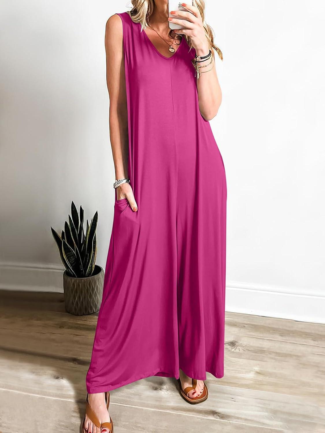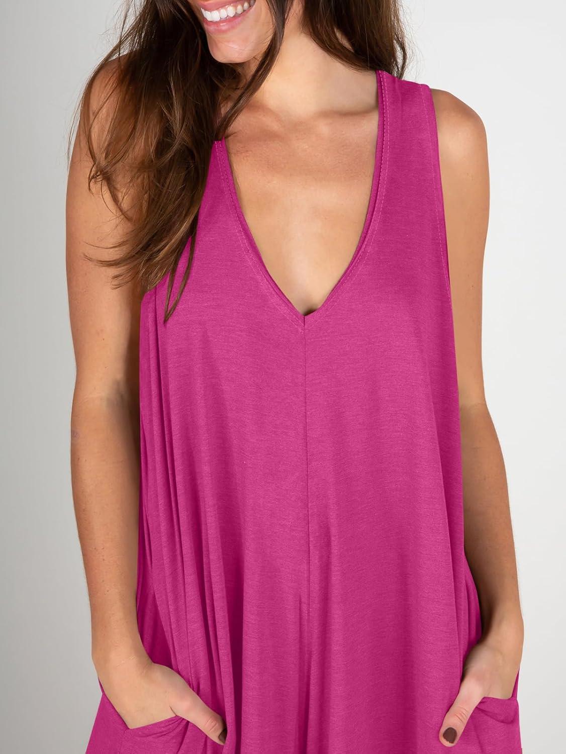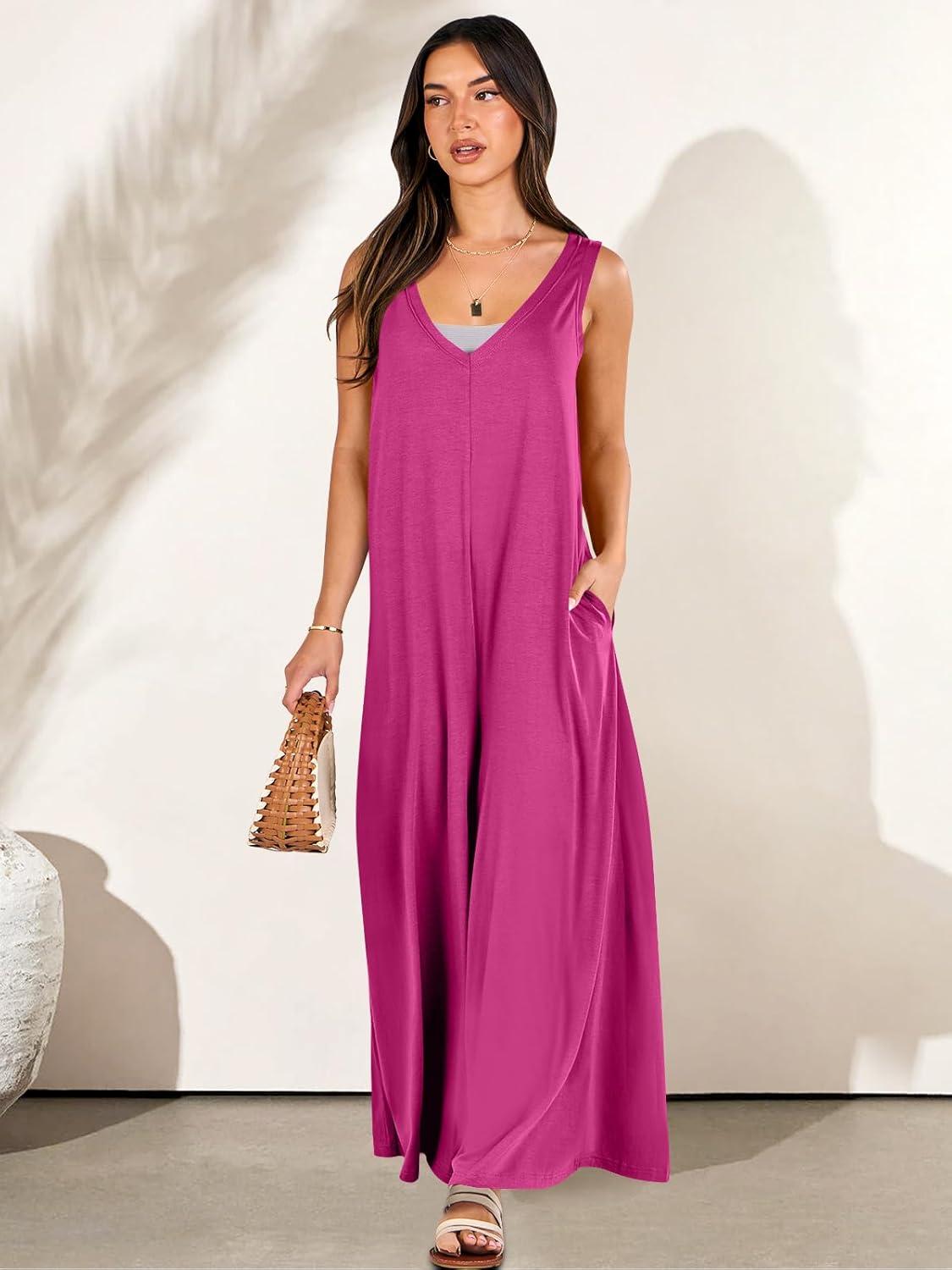 ANRABESS Women’s Casual Summer Loose Jumpsuits Sleeveless Tank V Neck Wide Leg Long Pant Rompers Baggy Jumper with Pockets(Hot Pink)
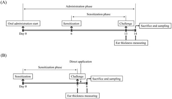 Outline of the animal experiment. Mice were sensitized with PiCl 7 days before the allergen challenge. (A) After a one-week acclimation period, 200 μL of each sample was orally administered once a day during the experimental period until sacrifice. At day 13, the mice were challenged via the ear with PiCl. After 24 h, the mice were sacrificed. (B) Instead of oral administration, each sample was directly applied to the ear lobe after 2 h of the allergen challenge.
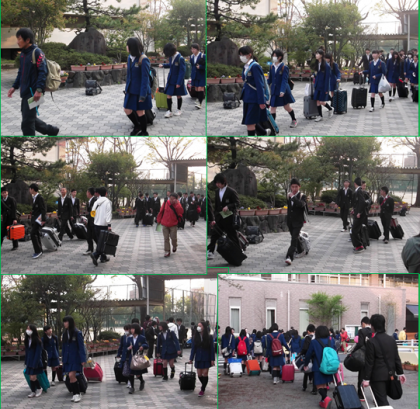4月16日(木)3年生が修学旅行に出発にました。笑顔で出発しました。18日(土)までの3日間,楽しい思い出に残る修学旅行になることでしょう。修学旅行の様子につきましては,このホームページでお知らせをしていきます。

■ **Requirement**: Retype each line of the listing above word for word. Exclude the pictures.

■ **Solution to the exercise**:
 ANRABESS Women’s Casual Summer Loose Jumpsuits Sleeveless Tank V Neck Wide Leg Long Pant Rompers Baggy Jumper with Pockets(Hot Pink)
 Outline of the animal experiment. Mice were sensitized with PiCl 7 days before the allergen challenge. (A) After a one-week acclimation period, 200 μL of each sample was orally administered once a day during the experimental period until sacrifice. At day 13, the mice were challenged via the ear with PiCl. After 24 h, the mice were sacrificed. (B) Instead of oral administration, each sample was directly applied to the ear lobe after 2 h of the allergen challenge.
4月16日(木)3年生が修学旅行に出発にました。笑顔で出発しました。18日(土)までの3日間,楽しい思い出に残る修学旅行になることでしょう。修学旅行の様子につきましては,このホームページでお知らせをしていきます。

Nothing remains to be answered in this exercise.